After ten minutes of waiting, praying, sending some updates, and exchanging a few messages I realize that either a) I won't hear the screaming from here or b) there won't be any screaming. I also realize this may not be the route they will return by so I head back to the room. Or at least I try. 

I quickly realize that there are release buttons on the inside of each set of doors, but now I am on the outside of the pediatric ward and no way to get in. I pound. Nothing. I pound some more. Nothing. I wait and then pound even longer. Nothing. Eventually someone happens to wonder out and I am able to enter.

After chatting with the nurses for a few minutes, (telling them the story about the needle coming out and how I told the surgeon that the pediatric nurse had done a great job and then asking if they could get her to do it again...) The phone rings and the message is passed on that she is in recovery and I can go to her.

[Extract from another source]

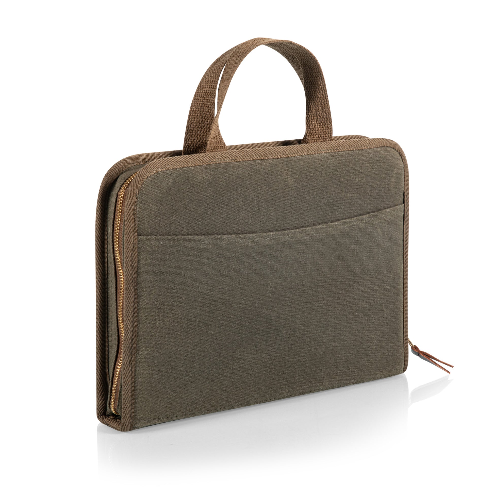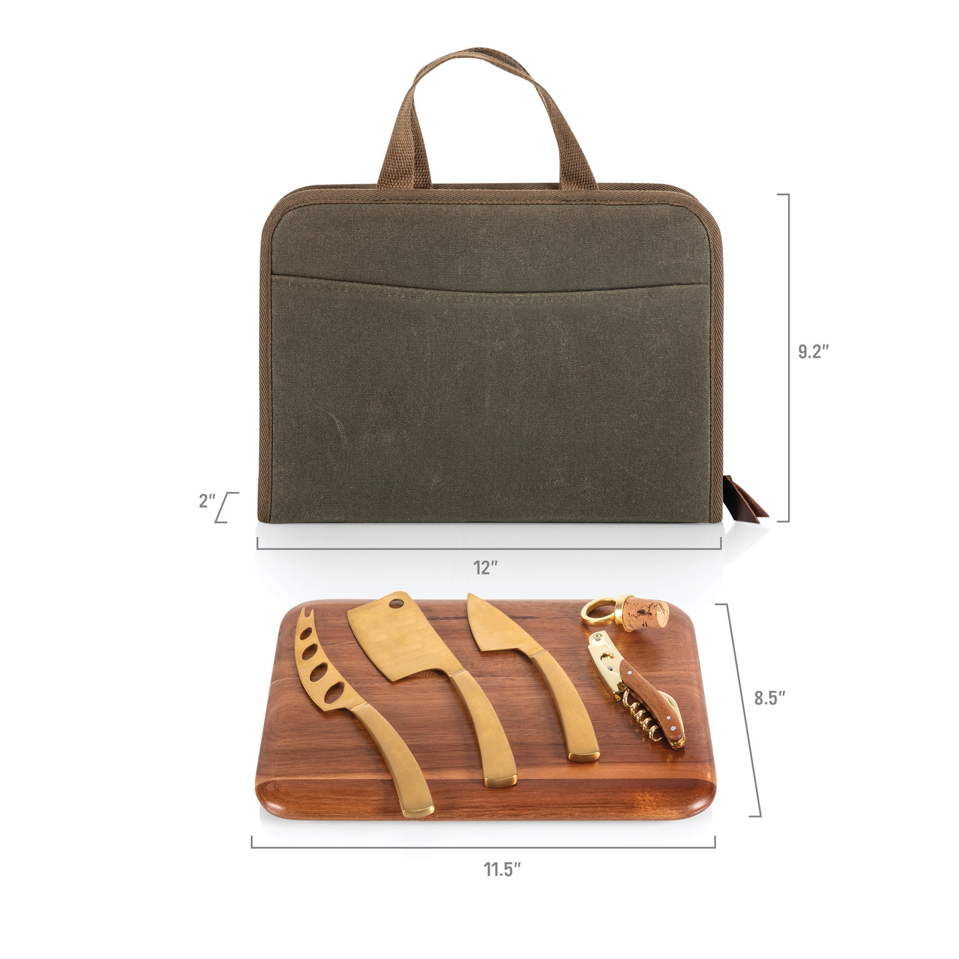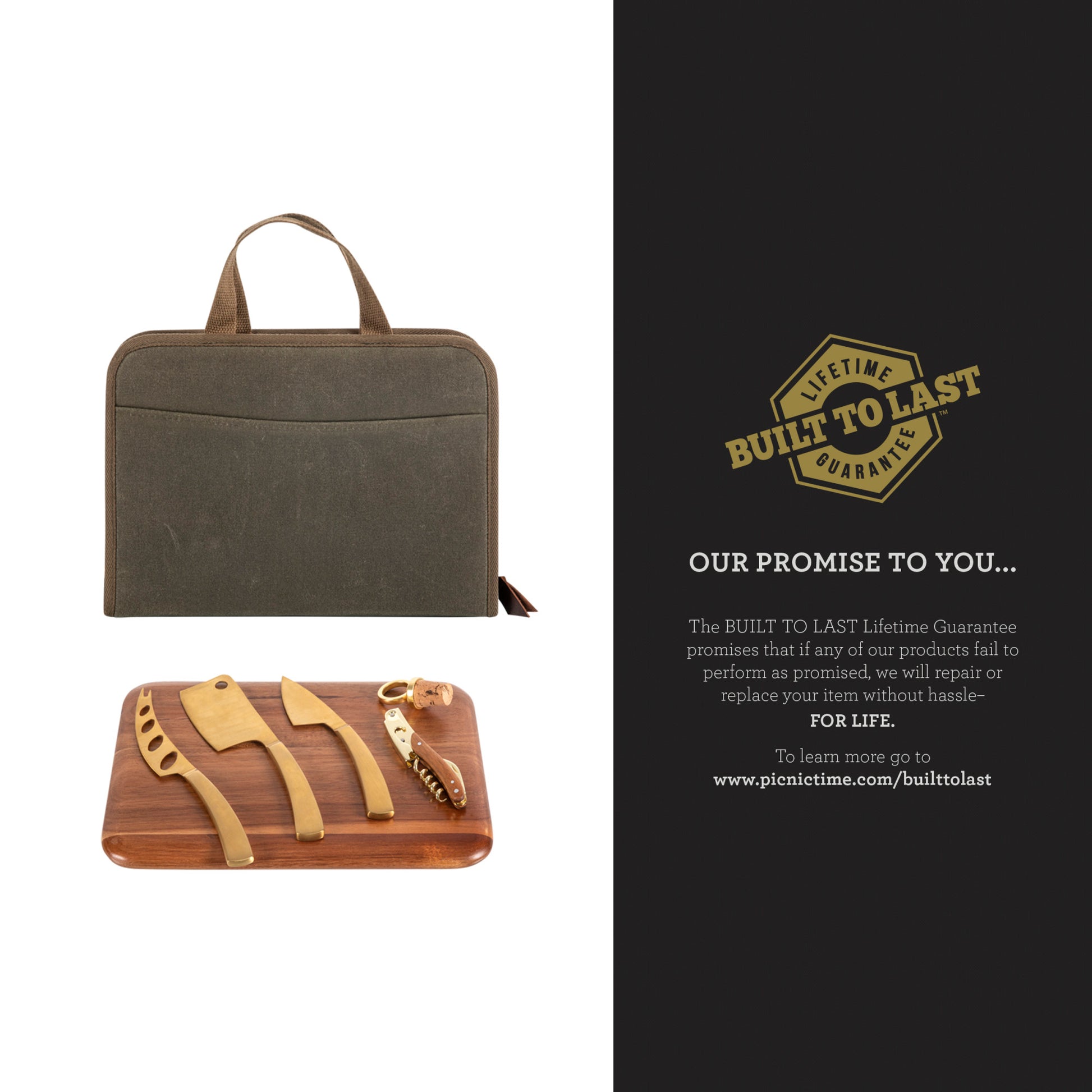Waxed Canvas case with cotton webbing handles; Large front pocket and satin brass-toned zipper; Inside pockets on one side contain solid satin brass-toned cheese and wine tools; cheese cleaver, forked cheese knife, parmesan knife, Waiter-style corkscrew with wood handle, and bottle stopper; Other side has an angled pocket with an Acacia serving board

It turns out she wasn't quite in recovery, but I was there when she was wheeled into the room. She was completely out, but when I spoke to her she tried to open her eyes. After a few more minutes she asked me when they were going to do it. I assured her it was all finished.

From here it is a normal tale of recovery room time, slowly trying liquids to ensure there aren't adverse effects of the anesthetic, sleeping, and waiting for discharge. This includes the normal, for here, parts of 'quick' being four hours; dad having to come sign the papers; dad having to do the driving; dad having to make the follow up appointment, etc.

She had slept soundly for about four hours, but was happy to hear food had arrived and sat up as soon as the nurse set down her tray. Since we had been told we were being discharged, Daddy headed our way. After his arrival he was told to go to work and that they would call him in about four hours when we were actually ready to leave (we were waiting for something from the pharmacy to get brought upstairs). G was not happy with the delay as she wanted to be home. Right after this the boy next to us was peeking at us again and I looked at his intake date, posted on the wall above his bed - January 30th. When I shared that tidbit of news with G she didn't complain again. Perspective. As unpleasant as parts of this had been, for both of us, we were only 15 hours from when it had all started and the end was very much in sight. We are still praying for little Mohammed and hope he is able to go home soon.